> _Dataset excerpts_
=====

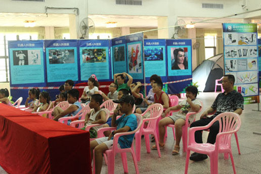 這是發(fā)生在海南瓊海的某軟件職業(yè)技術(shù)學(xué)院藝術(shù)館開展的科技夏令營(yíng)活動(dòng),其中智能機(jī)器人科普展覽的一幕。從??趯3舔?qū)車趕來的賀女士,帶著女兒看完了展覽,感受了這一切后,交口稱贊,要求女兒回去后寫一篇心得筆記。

=====

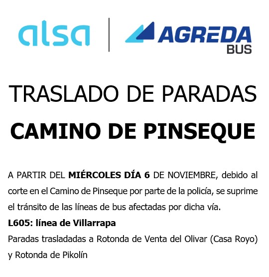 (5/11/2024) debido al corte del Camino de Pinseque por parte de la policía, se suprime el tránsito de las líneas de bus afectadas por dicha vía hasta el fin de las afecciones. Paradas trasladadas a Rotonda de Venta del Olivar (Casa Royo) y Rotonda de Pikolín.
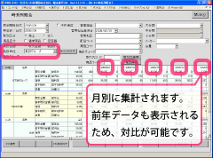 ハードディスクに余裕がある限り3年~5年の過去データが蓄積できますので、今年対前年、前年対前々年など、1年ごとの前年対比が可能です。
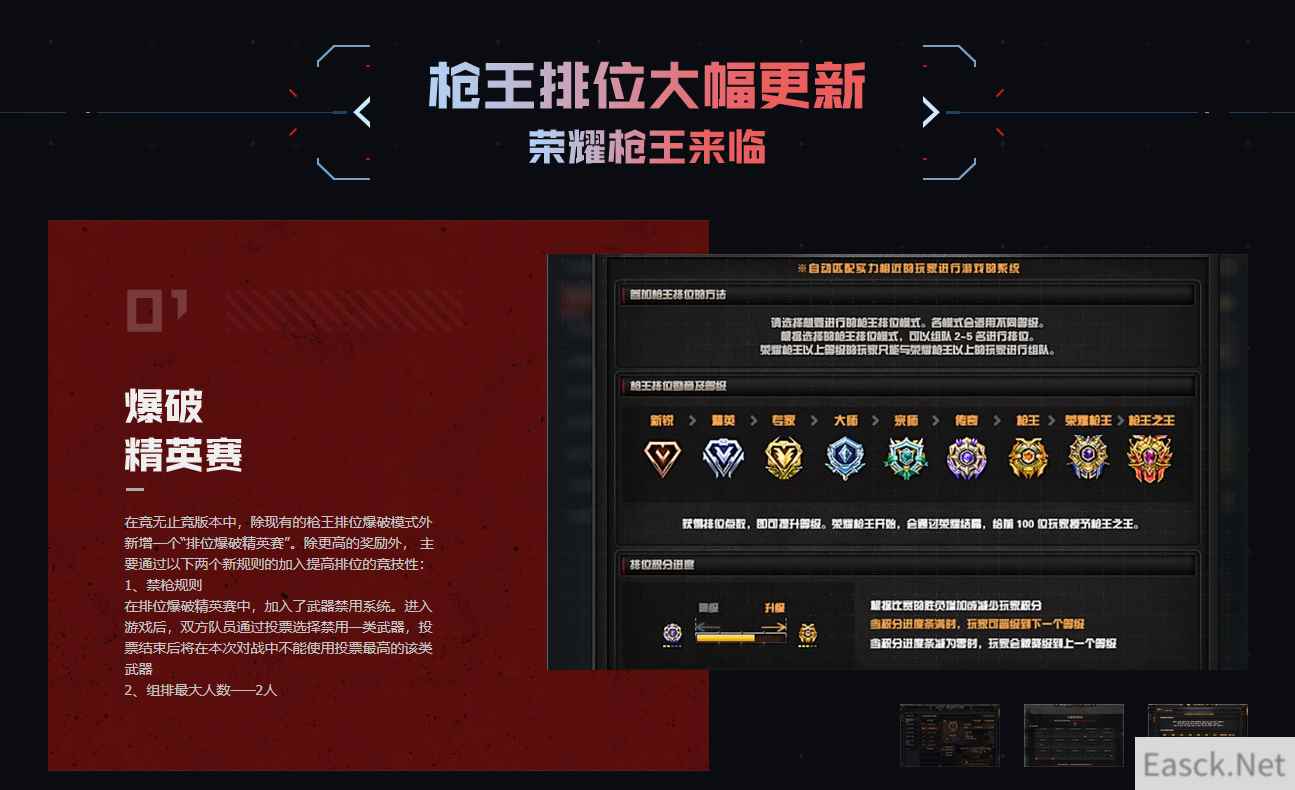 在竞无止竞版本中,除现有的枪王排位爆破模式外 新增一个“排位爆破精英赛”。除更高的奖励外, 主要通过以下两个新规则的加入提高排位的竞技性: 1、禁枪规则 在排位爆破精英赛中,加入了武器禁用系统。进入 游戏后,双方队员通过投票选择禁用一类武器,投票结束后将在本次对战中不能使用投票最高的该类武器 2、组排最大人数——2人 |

=====

> _Your assignment_
Return the lines above from the one with "(5/11/2024) debido al" through the one with "游戏后,双方队员通过投票选择禁用一类武器,投票结束后将在本次对战中不能使用投票最高的该类武器 2、组排最大人数——2人 |", verbatim and nothing else. Omit every picture.

> _Your response_
 (5/11/2024) debido al corte del Camino de Pinseque por parte de la policía, se suprime el tránsito de las líneas de bus afectadas por dicha vía hasta el fin de las afecciones. Paradas trasladadas a Rotonda de Venta del Olivar (Casa Royo) y Rotonda de Pikolín.
 ハードディスクに余裕がある限り3年~5年の過去データが蓄積できますので、今年対前年、前年対前々年など、1年ごとの前年対比が可能です。
 在竞无止竞版本中,除现有的枪王排位爆破模式外 新增一个“排位爆破精英赛”。除更高的奖励外, 主要通过以下两个新规则的加入提高排位的竞技性: 1、禁枪规则 在排位爆破精英赛中,加入了武器禁用系统。进入 游戏后,双方队员通过投票选择禁用一类武器,投票结束后将在本次对战中不能使用投票最高的该类武器 2、组排最大人数——2人 |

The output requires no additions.